Moraes Trevor F, Yu Rong-hua, Strynadka Natalie C J, Schryvers Anthony B
Department of Biochemistry and Molecular Biology, Center for Blood Research, University of British Columbia, Vancouver, BC V6T 1Z3, Canada.
Mol Cell. 2009 Aug 28;35(4):523-33. doi: 10.1016/j.molcel.2009.06.029.
Pathogenic bacteria from the Neisseriaceae and Pasteurellacea families acquire iron directly from the host iron-binding glycoprotein, transferrin (Tf), in a process mediated by surface receptor proteins that directly bind host Tf, extract the iron, and transport it across the outer membrane. The bacterial Tf receptor is comprised of a surface exposed lipoprotein, Tf-binding protein B (TbpB), and an integral outer-membrane protein, Tf-binding protein A (TbpA), both of which are essential for survival in the host. In this study, we report the 1.98 A resolution structure of TbpB from the porcine pathogen Actinobacillus pleuropneumoniae, providing insights into the mechanism of Tf binding and the role of TbpB. A model for the complex of TbpB bound to Tf is proposed. Mutation of a single surface-exposed Phe residue on TbpB within the predicted interface completely abolishes binding to Tf, suggesting that the TbpB N lobe comprises the sole high-affinity binding region for Tf.

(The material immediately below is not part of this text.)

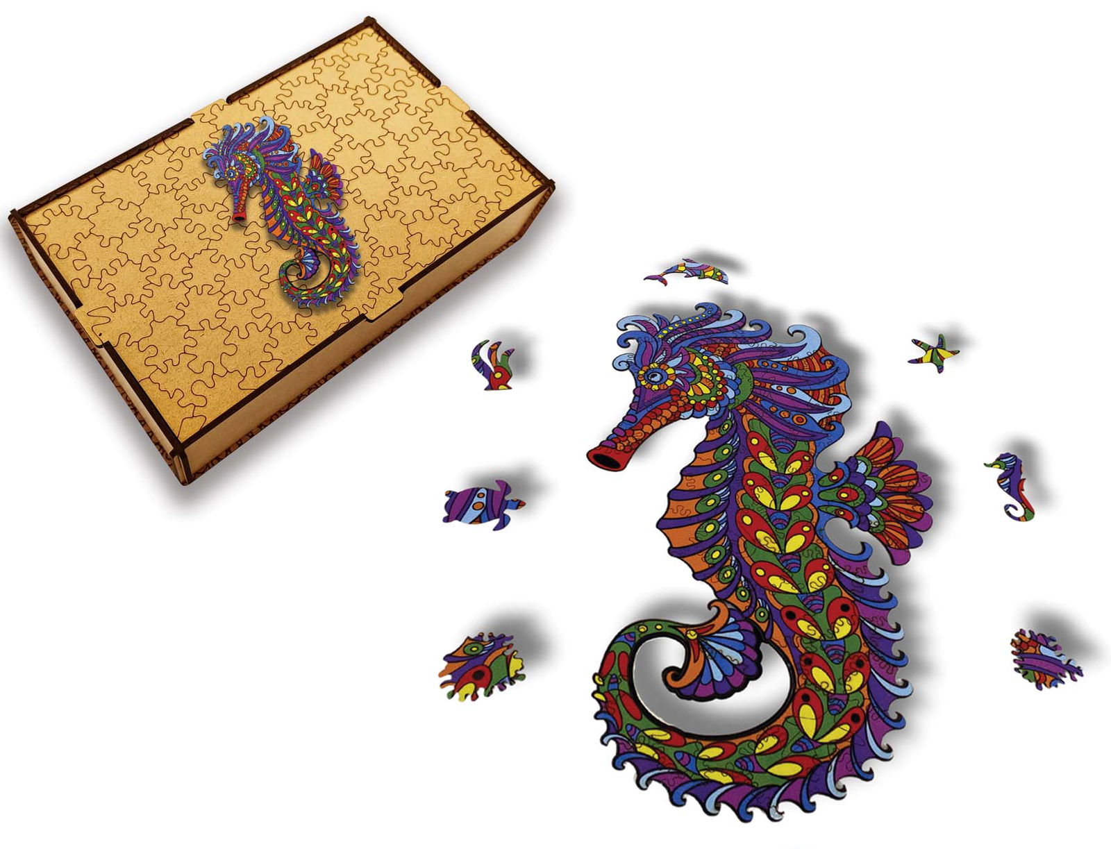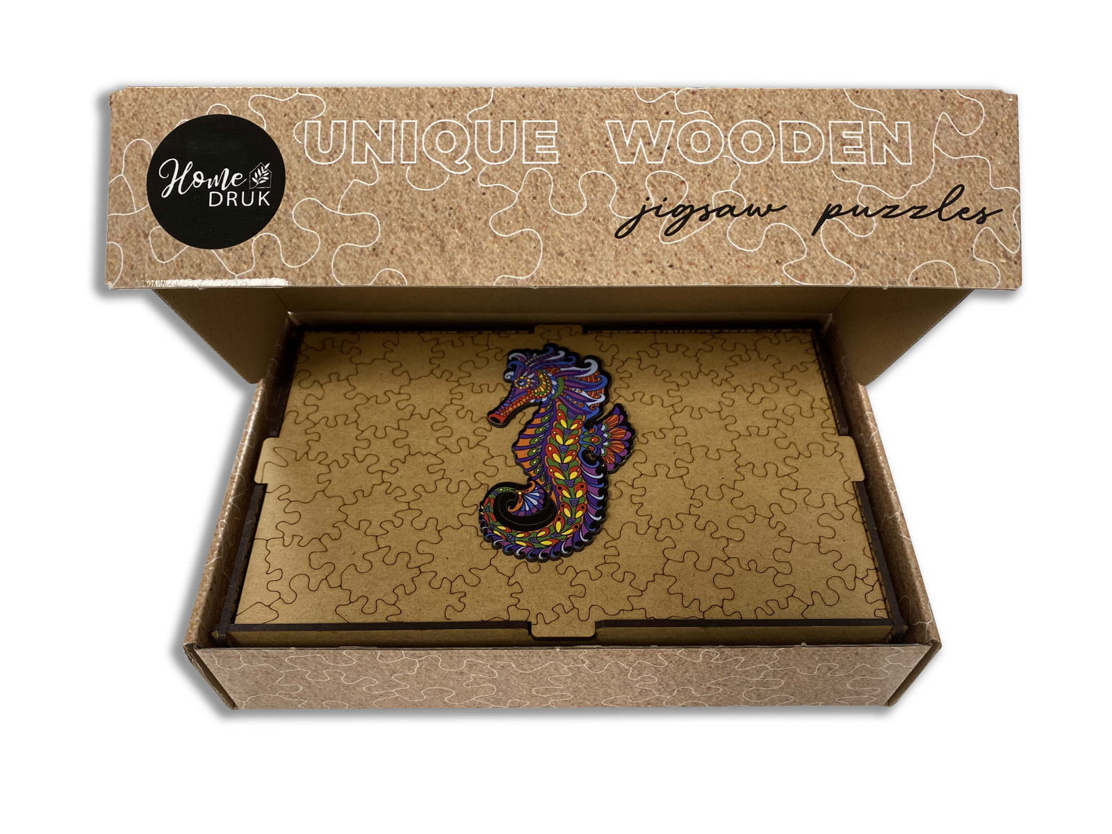 Puzzle Drewniane dla dzieci i dorosłych Konik morski w pudełku drewnianym

奈瑟菌科和巴斯德菌科的致病细菌通过表面受体蛋白介导的过程直接从宿主铁结合糖蛋白转铁蛋白(Tf)获取铁。这些表面受体蛋白直接结合宿主Tf,提取铁并将其转运穿过外膜。细菌Tf受体由表面暴露的脂蛋白转铁蛋白结合蛋白B(TbpB)和外膜整合蛋白转铁蛋白结合蛋白A(TbpA)组成,二者对于在宿主体内存活均至关重要。在本研究中,我们报道了猪胸膜肺炎放线杆菌TbpB的分辨率为1.98 Å的结构,这为深入了解Tf结合机制以及TbpB的作用提供了线索。我们提出了TbpB与Tf结合复合物的模型。预测界面内TbpB上单个表面暴露的苯丙氨酸残基发生突变会完全消除与Tf的结合,这表明TbpB的N叶包含Tf的唯一高亲和力结合区域。